DETAILED DESCRIPTION OF THE INVENTION
[0032] FIG. 1 illustrates the principle of operation of the
solution of the invention in the most general case. In a
distributed data mining system 100 shown in FIG. 1, at least two
but preferably a large number (e.g. several thousands or several
tens of thousands) of user equipments, generally referred to by the
reference number 110, are connected to each other in a distributed
peer-to-peer (P2P) communication network 120.

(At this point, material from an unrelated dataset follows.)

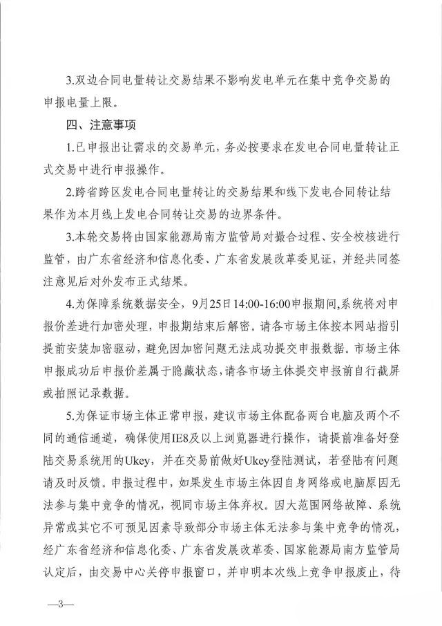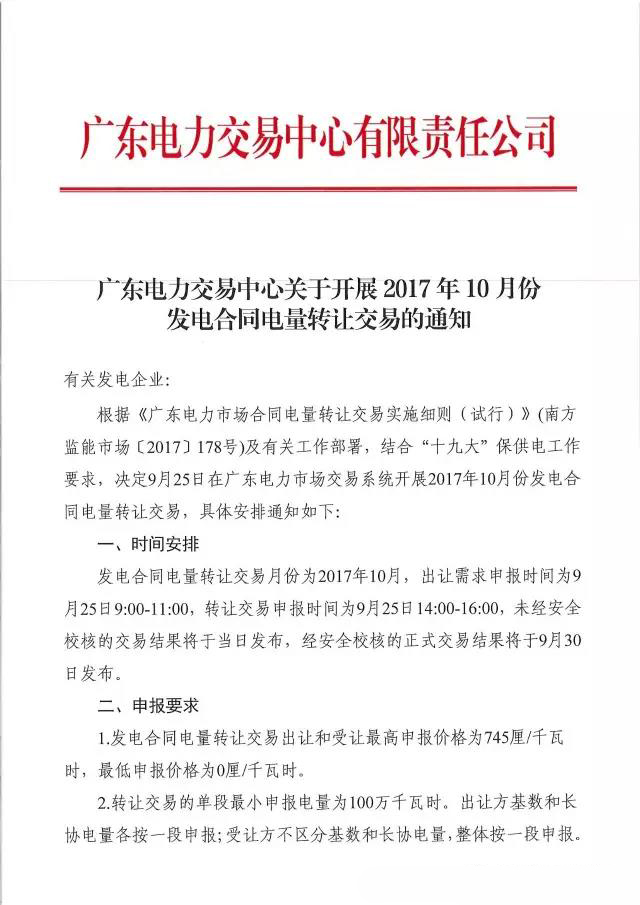 2017年9月22日,廣東電力交易中心發(fā)布《開展2017年10月份發(fā)電合同電量轉(zhuǎn)讓交易的通知》,將于9月25日14:00-16:00開展發(fā)電合同電量轉(zhuǎn)讓交易,月份為2017年10月。出讓需求申報時間為9月25日9:00-11:00,未經(jīng)安全校核的交易結(jié)果當(dāng)日發(fā)布,經(jīng)安全校核的正式交易結(jié)果于9月30日發(fā)布。

[0033] Within the context of the present invention, only those user
equipments of the communication network 120 are of interest that
store user data suitable for data mining or taking part in training
the data mining algorithms. The user data may be stored in the user
equipments 110 either temporarily (e.g. in RAM) or permanently
(e.g. on electronic, magnetic, optical, etc. medium). The user
equipments 110 of the present invention serve as data sources or
training information sources for the data mining. The user
equipments 110 are typically smart devices, such as smart phones,
tablets, smart TV-s, etc. that are capable of directly or
indirectly interacting with their users or to detect, sense or
measure events or environmental features.
[0034] Within the context of the present invention, the
communication network 120 may be any sort of homogenous or
heterogeneous distributed communication network with the only
restriction that a network as a whole should be adapted for
peer-to-peer data communication between the user equipments 110
connected to the network or adapted for directly establishing any
other kind of distributed communication scheme independently of the
primary function of the user equipments 110.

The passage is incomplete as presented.